Encuentro. Madrid (2006). 47 págs. 8 €. Traducción: Carmen Salgado.
Este pequeño libro contiene dos estupendos documentos del entonces Card. Ratzinger, hoy Benedicto XVI. Van precedidos de un breve y sugerente prólogo de Etsuro Sotoo, escultor japonés, converso, de la Sagrada Familia de Gaudí: «Se dice que Gaudí construía el templo más bello del mundo. Pero en realidad es al revés: la Iglesia le construía a él. La belleza más grande no es la del templo, es la del espíritu».
El primer texto de Ratzinger sobre la belleza conecta con esta idea. Recuerda que, después de escuchar una cantata de Bach, junto con un obispo evangélico, comentaron: «Quien haya escuchado esto, sabe que la fe cristiana es la verdadera». Y concluye: «He afirmado muy a menudo que estoy convencido que la verdadera apología de la fe cristiana, la demostración más convincente de su verdad, contra toda negación, son de un lado los santos y de otro la belleza que la fe ha generado». De manera particular, se refiere al arte cristiano. Esta idea de la belleza ha estado presente en toda su trayectoria. Y hace un breve recorrido de su fruto teológico, desde la hermosa «Teología del Icono», de Paul Evdokimov, hasta la cosmovisión de Von Balthasar, «Gloria».
La otra conferencia, sobre la Iglesia, se titulaba originalmente «una compañía siempre reformable». Después de interrogarse sobre la dificultad de nuestros contemporáneos para aceptar la Iglesia, la idea de fondo, con la experiencia de los vaivenes del posconcilio, es discernir lo que debe ser la verdadera reforma de la Iglesia.

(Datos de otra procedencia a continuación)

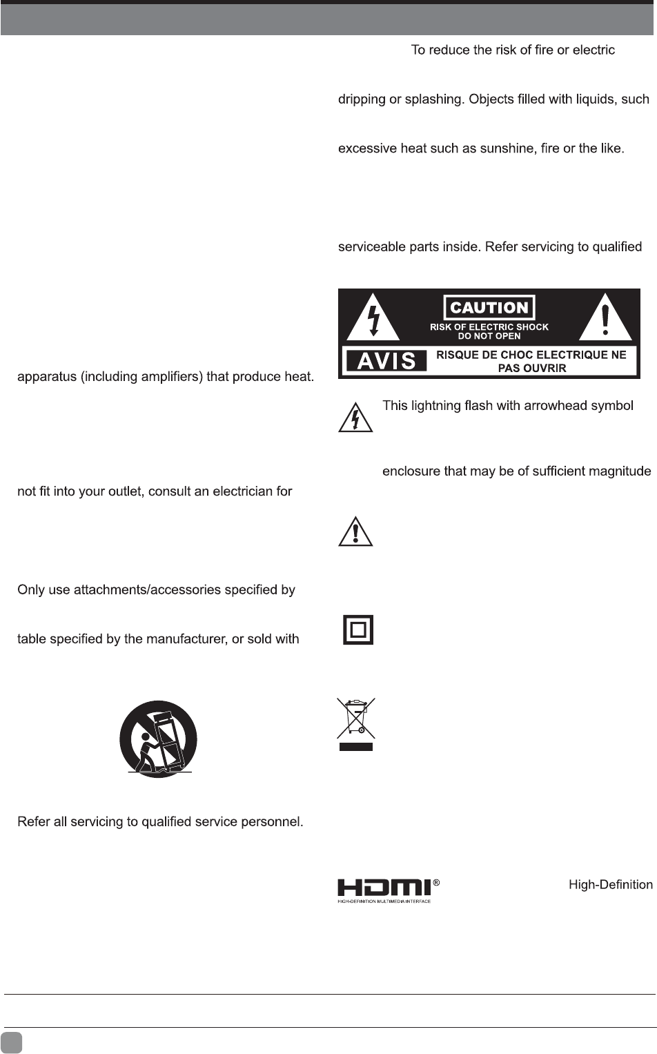 moisture. The apparatus should not be exposed to

Detrás está toda su experiencia como perito conciliar al principio, y como prefecto de la Congregación para la Doctrina de la Fe, después. «Miguel Ángel concebía la auténtica acción artística como un volver a sacar a la luz la imagen, un volver a poner en libertad, no como un hacer». No como un imponer nuestras ideas, que convertiría a la Iglesia en un producto de nuestra imaginación y de nuestro poder, sino como un quitar los obstáculos que hemos creado, para que se manifieste la realidad divina que hay en ella.